Comment poursuivre cette conversation ?

  • « Quand tu te mets très en colère, où le sens-tu dans ton corps ? Dans le ventre, dans les mains, dans la gorge ? »
  • « As-tu déjà essayé de cacher quelque chose que tu ressentais ? Que s'est-il passé ? »
  • « Si ta colère était quelque chose qui se voit, de quelle couleur serait-elle ? Et de quelle taille ? »
  • « Y a-t-il quelqu'un dans ta vie qui, quand tu vas vraiment mal, reste avec toi sans te dire ce que tu dois faire ? »

Approche éducative

Cette histoire travaille un principe que la psychologie du développement émotionnel a confirmé ces dernières années : chez les enfants de quatre à six ans, la conscience corporelle arrive avant le vocabulaire émotionnel. Avant de pouvoir dire « je suis en colère », l'enfant ressent de la chaleur, de la pression, de l'agitation dans le corps. Si nous adultes sautons directement aux mots (« calme-toi », « ne sois pas en colère »), nous manquons l'endroit où la régulation se passe vraiment : le corps. La Mamie de Milo n'enseigne pas une technique — elle tape du pied à côté de lui. Cette différence est le cœur pédagogique de l'histoire.

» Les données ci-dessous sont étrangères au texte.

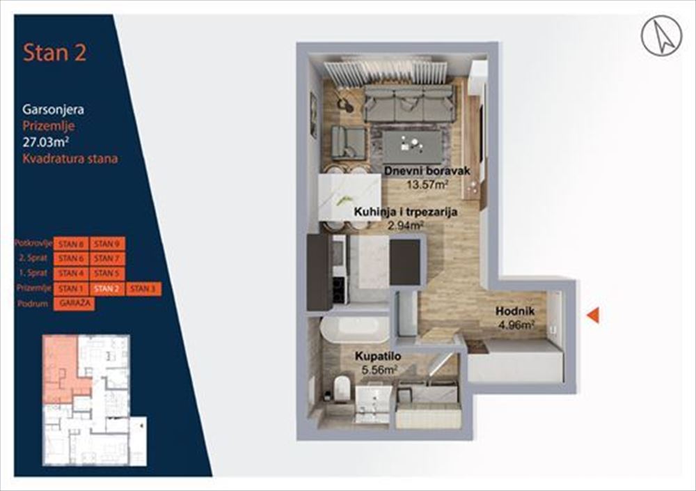 Opis: Odlična garsonjera u novogradnji na Lekinom brdu sa pripadajućom terasom od 50m2.
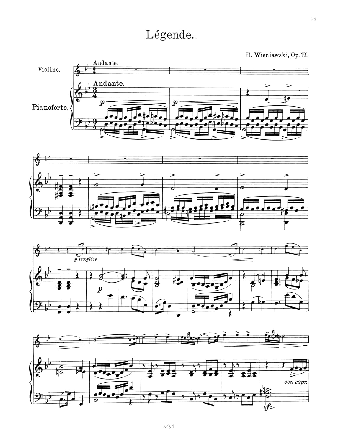 3. Wienawski : Legend op.17

Une précision importante pour les adultes lecteurs : le geste de taper du pied fort est contre le SOL — non pas contre des objets ou des personnes. C'est une technique d'ancrage (ancrage corporel par la pression dans les pieds) reconnue dans la pratique clinique avec les enfants : elle relie le corps au lieu où l'on est et redonne un sentiment de contrôle. Ce n'est pas une décharge agressive, ce n'est pas « taper sur quelque chose », cela ne répète pas la violence. La distinction est cruciale — en accompagnant l'enfant, il aide de renforcer verbalement que l'on tape contre le sol, pas contre les choses ou les personnes, pour que la lecture reste claire.

Pour les familles et les éducateurs, l'histoire offre deux images très concrètes (le volcan qui monte et descend, la fumée qui sort en ligne droite) et deux actions immédiatement imitables (taper du pied fort, souffler doucement) qui peuvent s'intégrer dans la vie quotidienne sans besoin de manuel.